How Children's Volunteer Health Network Works

Health Care Crisis in the Florida Panhandle

Many families can't afford effective health care insurance.
Many families can't afford effective health care insurance.

There are more than 45 million people in America without any health coverage [source: U.S. Census Bureau]. Nearly 7 million of those people are children [source: CDC]. In Walton County, Fla., there are around 54,000 total residents. Of the 11,000 children who live in Walton County, 2,500 of them don't have health insurance [source: U.S. Census Bureau, CVHN]. In the entire state of Florida, there are more than 840,000 kids without health insurance, and 340,000 of those uninsured kids live in poverty [source: statehealthfacts].

But aren't children who aren't privately insured covered by federal or state Medicaid services like Florida's Kid Care program? Some are, but not all. Some lower-income families don't meet all the criteria to receive government assistance. Also, months or even years may pass before an application for disability coverage is approved. A person must be jobless for two months before applying for unemployment benefits (and, until 2009, the waiting period had been six months).

Families may have just moved into the state and haven't established residency, or a child in need of medical intervention may have parents who aren't legal residents. Pregnant women and the children of parents working for the state of Florida aren't eligible for the state's Kid Care program [source: Bousquet].

The hospital that serves that portion of Northwest Florida -- Sacred Heart on the Emerald Coast -- spends as much as $1.5 million each month on providing care without any compensation whatsoever in return.
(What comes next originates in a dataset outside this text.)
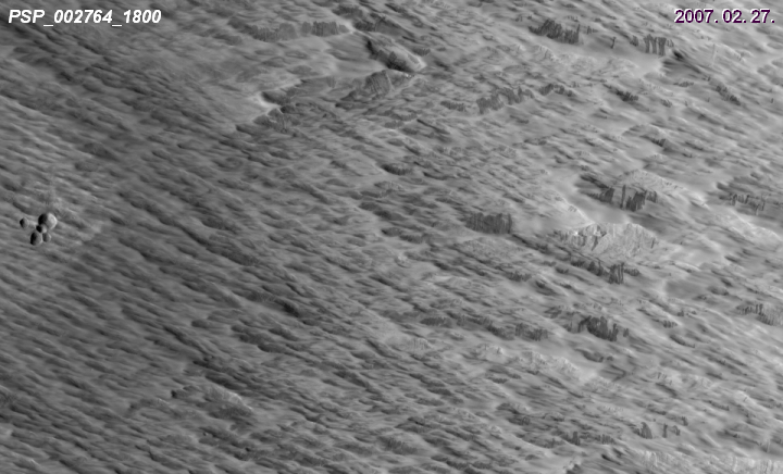 horpad![]() Regisztrált tag #120 Regisztrált: h febr 07 2011, 02:06Üzenetek: 674 | ….. akkor hát lássuk. Horvai Ferenc cikke Katt ide! erre az írásra épül Katt ide! , amely viszont ezt az elemzést Katt ide! veszi alapul. - Na ez érdekes. Alfred McEwen-nek a tanulmány megírása idején (2007 június 4) még csupán egyetlen felvételből (PSP_002764_1800) kellett levonni a következtetéseit, mely szerint azok a sötét alakzatok egy közeli klaszter-becsapódás következményei. Az általa szerkesztett kompozit Katt ide! csökkentett méretben itt látható. ![]() Kaylan Burleigh csapata viszont már további két felvételt Katt ide! és Katt ide! is figyelembe vehetett volna a jelenség tisztázására, helyette inkább csak plagizáltak. Számukra nincs feloldozás. - Mert mi is történt valójában? A helyszín egy kiterjedt yardang-mező, amely igen vastag – talán többszáz méter – vulkáni hamurétegből áll. Ennek farigcsálása még a gyenge marsi szél számára sem jelent komoly kihívást. Aprítja is rendesen. Az alábbi animáció bal oldalán a gyanúsítottként megjelölt krátercsoport, jobbra pedig a porlavinaként jegyzett sötét képződmények láthatók. Megfigyelhető, hogy félév alatt ugyan elég kevés a változás, három év elteltével viszont annál több átalakulás volt ebben a 240m*145m-es képmezőben. ![]() Ha ezek a sötét sávok valóban a lezúduló por nyomai lennének, akkor a szélnek már az első tavasszal el kellett vona mosnia őket. í‰s még mindig ott vannak…. - De a csilli még csak ez után kerül a palacsintába.... Ilyen képződmények az északi szélességi körök mentén is megfigyelhetők, egészen más éghajlati viszonyok mellett. Igaz, ezek jóval nagyobbak. Az idősorrendbe válogatott képek középső eleme 1236m széles. ![]() (A kép egy kicsit csalóka, mert oldalnézetet sugall, pedig a felvételek mindegyike szinte abszolút felülnézetből készült, így azok a sötét ’pálcikák’ is mind a talajon fekszenek.) A képsorból viszont kiderül, hogy nem egy pillanatszerű drámai esemény szülöttei, mert az idő múlásával változnak, növekednek. Tehát Alfred McEwen sötét alakzatai sem feltétlen kell, hogy egy becsapódási lökéshullám hatására keletkezett porlavinák legyenek. Ez is egy olyan rejtélye a vörös bolygónak, amely máig megoldásra vár…. | ||

While many families do have Medicaid coverage, there's a shortage of health care providers who accept it. This is in part due to cuts in funding to the state Medicaid program and also a lack of recruitment on the part of the state to sign more doctors up. So while only two out of five kids in Walton County have any dental insurance at all, there aren't any dentists in the county who accept Medicaid, and only one in Okaloosa who does.

The result is a serious health care crisis in northwest Florida. Many of these uninsured children receive no preventive care, and many don't receive the help they need when they get sick or hurt. This can culminate in longer illnesses, more missed school days and a poorer state of health than children who do receive preventive and routine care.